Framework Integrations

CrewAI, LangChain, OpenAI Agents SDK, HuggingFace, OpenClaw, and Hermes.

Overview

Kalibr integrates with popular agent frameworks and supports any model across any modality. Use router.as_langchain() for LangChain, or auto-instrument HuggingFace's InferenceClient for 17 task types.

CrewAI

Install

shell
pip install kalibr[crewai] crewai openai anthropic

Code (Python only)

python
from kalibr import Router
from crewai import Agent, Task, Crew

# Create Kalibr router
router = Router(
    goal="research_task",
    paths=["gpt-4o-mini", "claude-sonnet-4-20250514"]
)

# Get LangChain-compatible LLM
llm = router.as_langchain()

# Use with CrewAI
researcher = Agent(
    role="Researcher",
    goal="Find accurate information",
    backstory="You are a research assistant.",
    llm=llm,  # Kalibr handles model selection
    verbose=True
)

task = Task(
    description="Research the history of Python programming language.",
    expected_output="A summary of Python's history.",
    agent=researcher
)

crew = Crew(agents=[researcher], tasks=[task])
result = crew.kickoff()

# Report outcome to Kalibr
router.report(success=len(str(result)) > 100)
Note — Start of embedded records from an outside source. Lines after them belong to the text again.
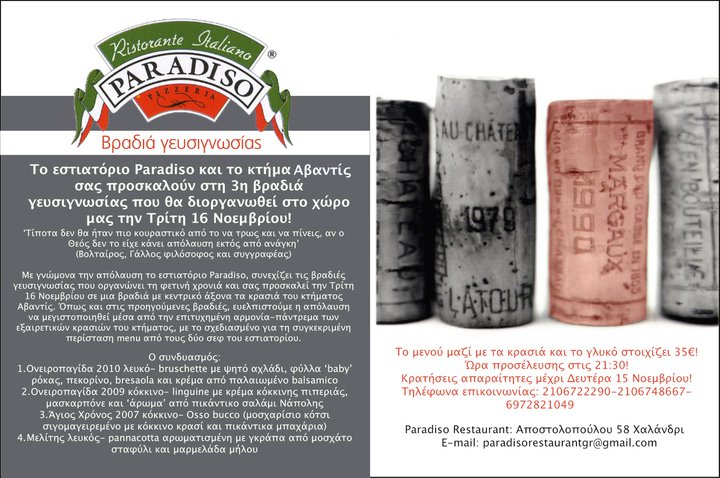 Έρχονται Χριστούγεννα και αρχίσαμε να βλέπουμε πολλά μενού Χριστουγέννων, όπως αυτό που θα δούμε παρακάτω που γι΄ακόμα μία χρονιά ξεχωρίζει λόγω σχέσης ποιότητας τιμής: ΜΕΝΟΥ ΧΡΙΣΤΟΥΓΕΝΝΩΝ ΟΡΕΚΤΙΚΑ •Βελουτέ με αστακό, γαρίδες, καραβίδες αρωματισμένη με λέμον γκράς. •Σορμπέ σαγκουίνι. •Κέικ με μανούρα Σίφνου, εσαλότ & καβουρντισμένο σουσάμι. ΣΑΛΑΤΑ •Άισμπεργκ, ραντίτσιο, σπανάκι, μάνγκο, φουντούκια, δυόσμο, ρόδι & βινεγκρέτ απο blueberries. ΚΥΡΙΩΣ ΠΙΑΤΑ Επιλογή από: •Τουρνεντό μόσχου...
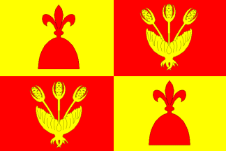 A quartered flag, the first and fourth quarters yellow with a red fleur-de-lys atop a red mount, the second and third quarters red with a yellow thistle plant. Thus a banner of the city arms, as it appears in Ralf Hartemink's International Civic Arms website.
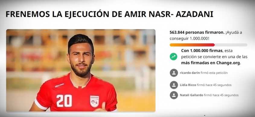 “El futbolista iraní Amir Nasr-Azadani podría ser ejecutado. Según 'Iranwire', Amir Nasr-Azadani, de 26 años, fue condenado a muerte por "traición a la patria" después de mostrar su apoyo a los derechos humanos y defender los derechos de la mujer en su país”, dice la petición.
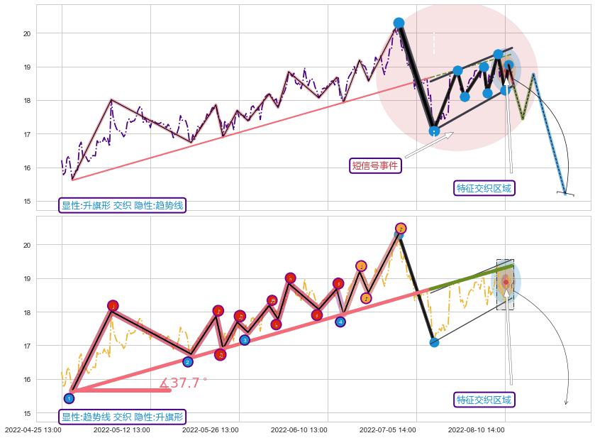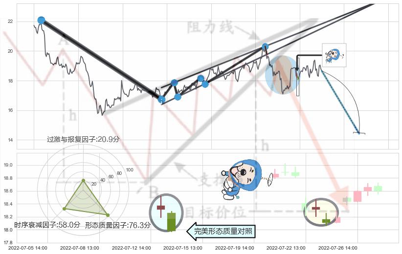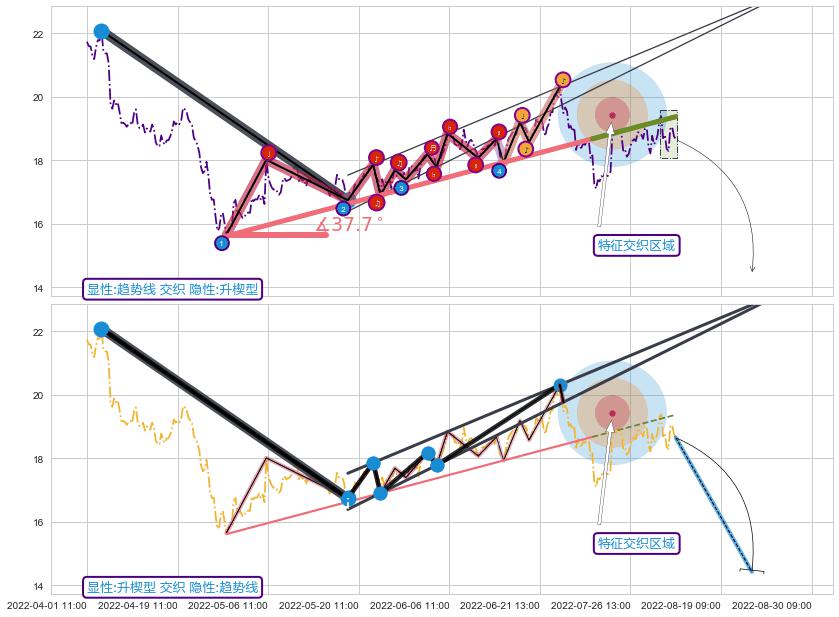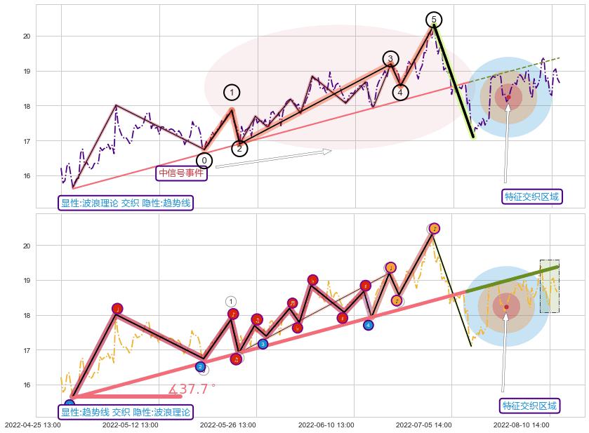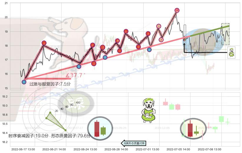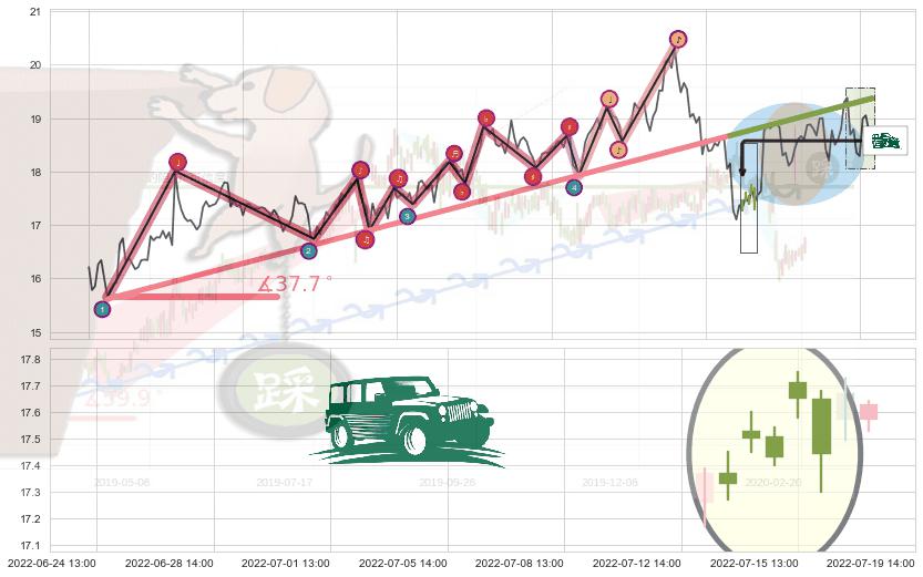 ➢ 2022-04-26 14:00-2022-07-11 14:00上升趋势存在反转[风险],其原上升趋势的支撑位(19.37)已破位[强阻力信号],原上升趋势角度: 37.7˚
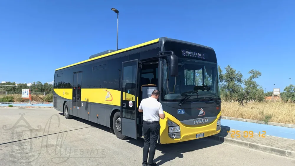 Этот автобус ведёт себя прямо как электричка и привозит вас туда куда привезла бы она сама, будь она на рельсах. В Барлетте автобус останавливается с той стороны ж. д. путей, где проходит улица Via Vittorio Veneto.
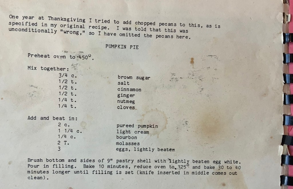 – originally from the New York Times, and an inspiration for developing the family cookbook as she became tired of frequent calls for recipes. As she writes in 1986 in the introduction to the family cookbook “The beginnings of this book lie in the many phone calls I’ve received in the past few years, such as a recent one, collect from Oberlin, Ohio: “Can you give me the pumpkin pie recipe?”
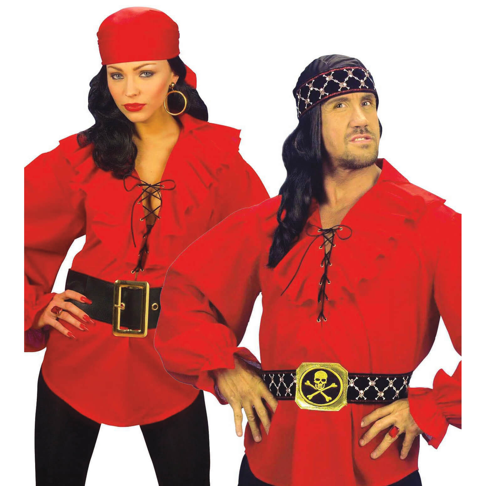 Mittelalterliches / Piraten Rüschenhemd Rüschenbluse geschnürt Classic rot
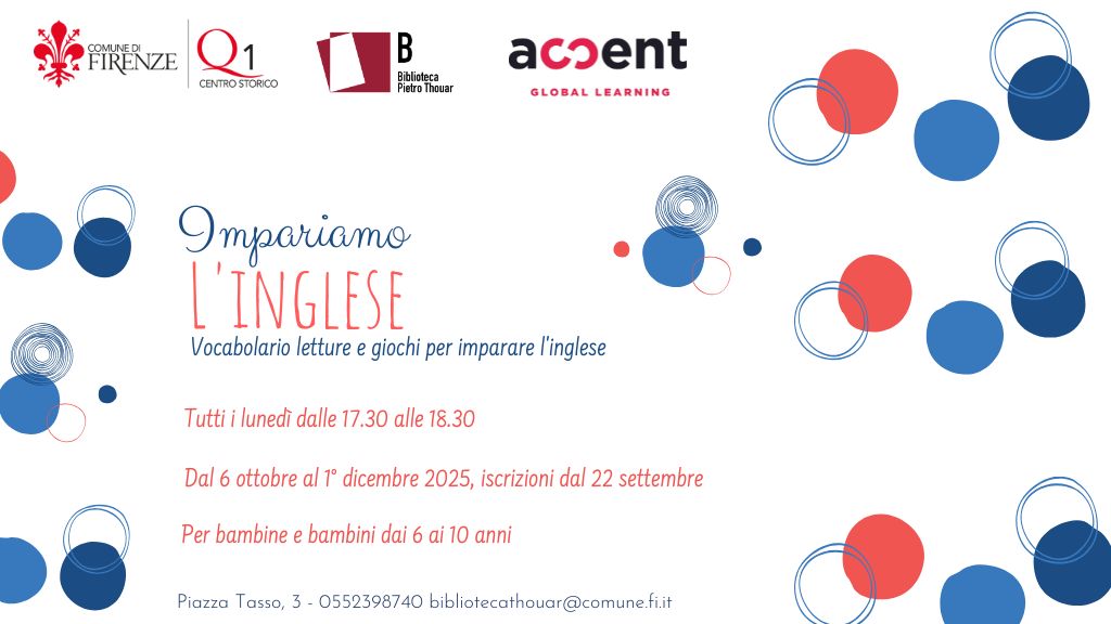Anche quest’anno alla biblioteca Thouar torna "Impariamo l’inglese", il corso dedicato ai bambini che vogliono avvicinarsi alla lingua inglese in modo giocoso, stimolante e coinvolgente.

Note: CrewAI requires Python 3.10+.

LangChain

Install

shell
pip install kalibr[langchain] langchain langchain-openai langchain-anthropic

Code (Python only)

python
from kalibr import Router
from langchain_core.prompts import ChatPromptTemplate
from langchain_core.output_parsers import StrOutputParser

router = Router(
    goal="summarize_text",
    paths=["gpt-4o-mini", "claude-sonnet-4-20250514"]
)

llm = router.as_langchain()

prompt = ChatPromptTemplate.from_template("Summarize this: {text}")
chain = prompt | llm | StrOutputParser()

result = chain.invoke({"text": "Long article text here..."})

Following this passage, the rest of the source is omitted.